In April 2018, I attended the Appraisal Institute’s continuing education seminar in Fort Lauderdale, Florida regarding damaged property / detrimental conditions. The presenter, Randall Bell, is an expert in real estate damage economics.
The issue of detrimental conditions comes up often in my practice, and the seminar provided me with a methodology for applying appraisal techniques to address these situations. The complexity of this appraisal assignment occurs when trying to establish whether or not there is a diminution in value.
Detrimental conditions can fall under the following categories:
- Natural Conditions
Randall Bell, MAI & Britt J. Rosen, CCIM
These categories deal with such issues (including but not limited to): death (murders and mass shootings), disability, fire, illness, insurance, zoning, hazards, construction defects, drainage, soils, utilities, biological issues, wetlands, flood, and hurricane damage.

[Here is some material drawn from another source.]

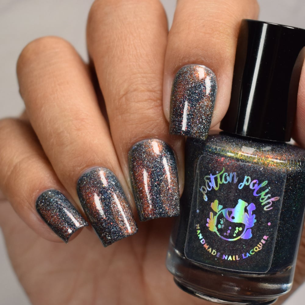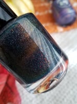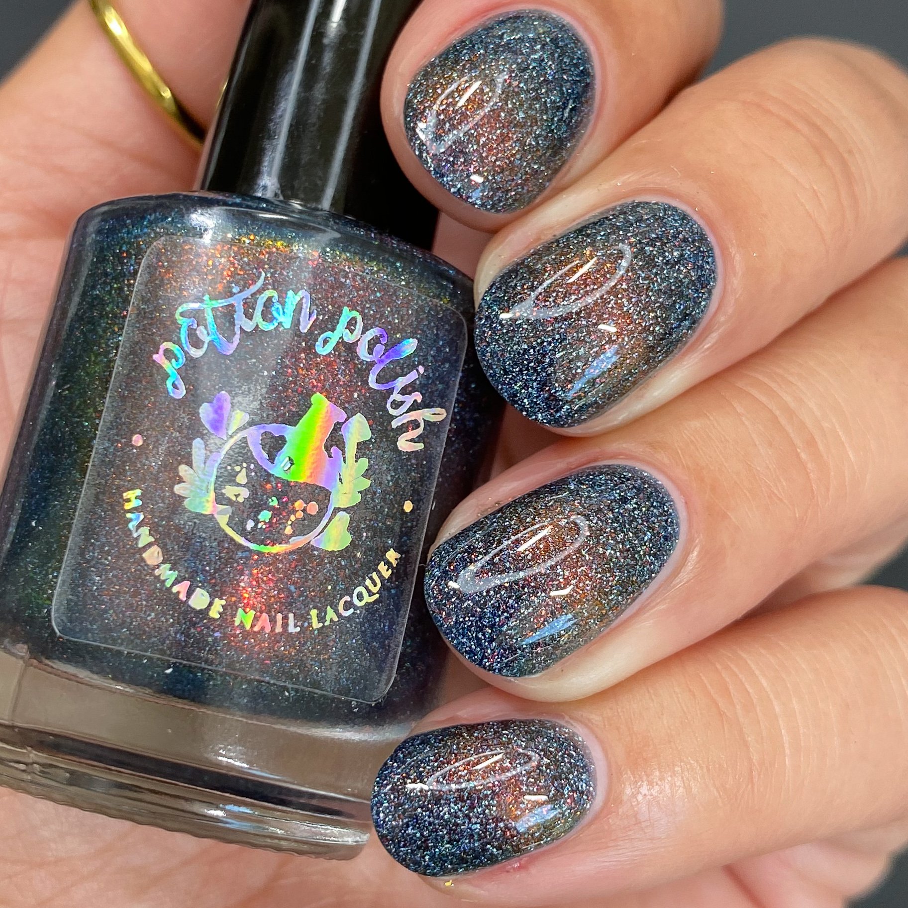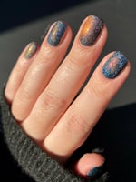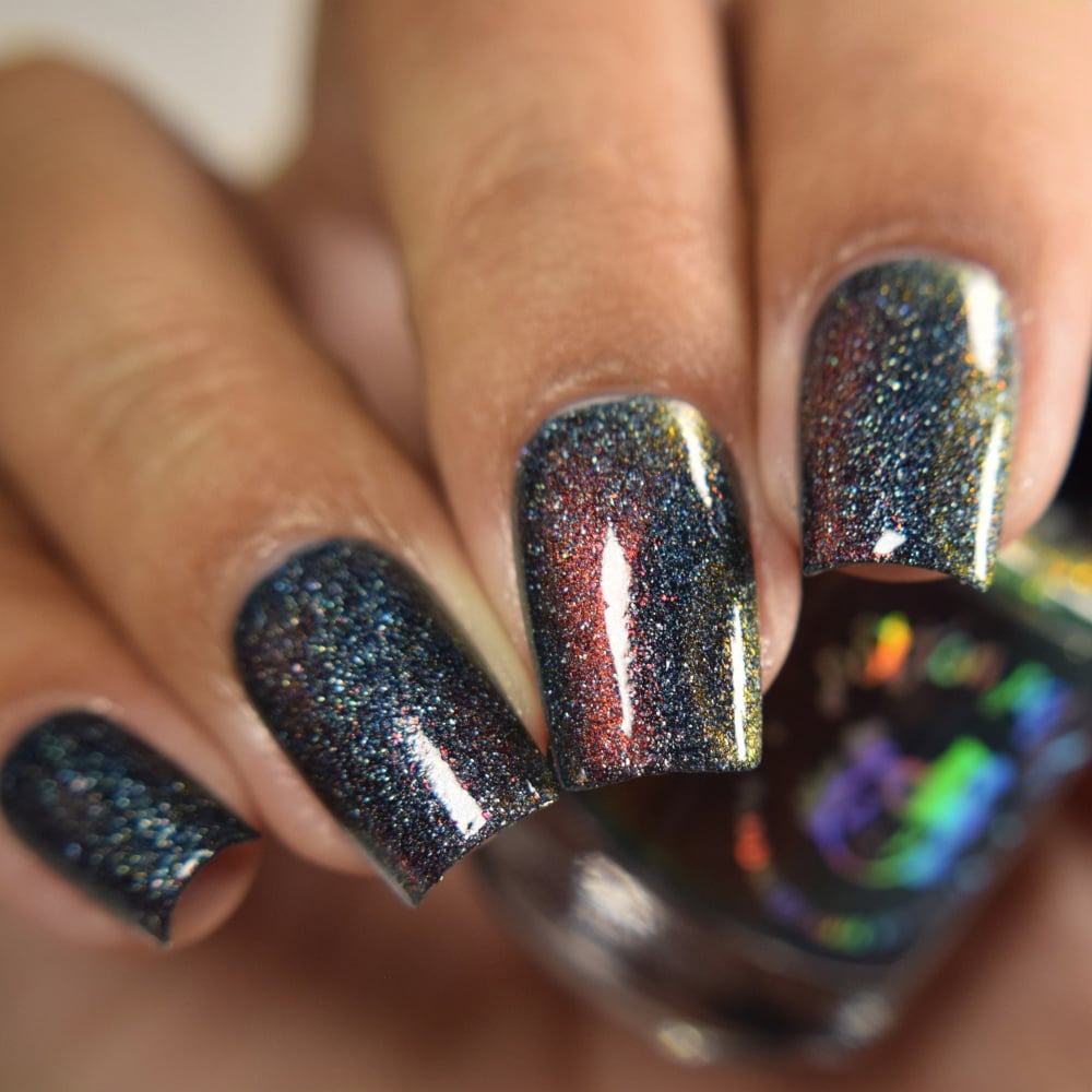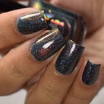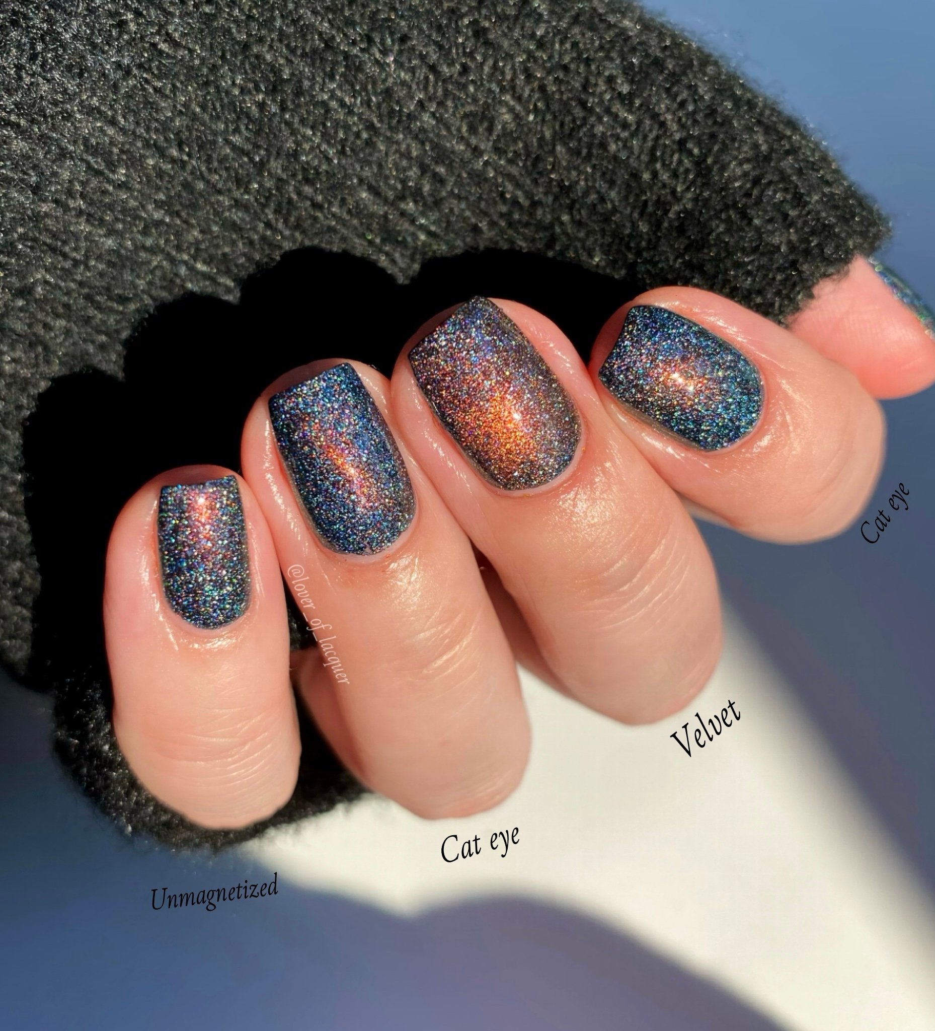November is a smoky blue gray holographic with red/copper/gold/green shifting magnetic shimmer and a touch of red/orange/gold micro flakes.

Bell developed a “Bell Chart” providing a framework for dealing with detrimental conditions in the appraisal process. Additionally, there is a “matrix” taking into account aforementioned categories the appraiser must deal with when valuing a property affected by detrimental conditions. The matrix deals with cost, use, and risk.
Seminar topics also covered included loss of use of the property while the repair is ongoing. A “profit incentive” should also be calculated to completed repairs based on construction costs, similar to entrepreneurial profit. The rate can be from a low of 15% to a high of 25%, according to Bell.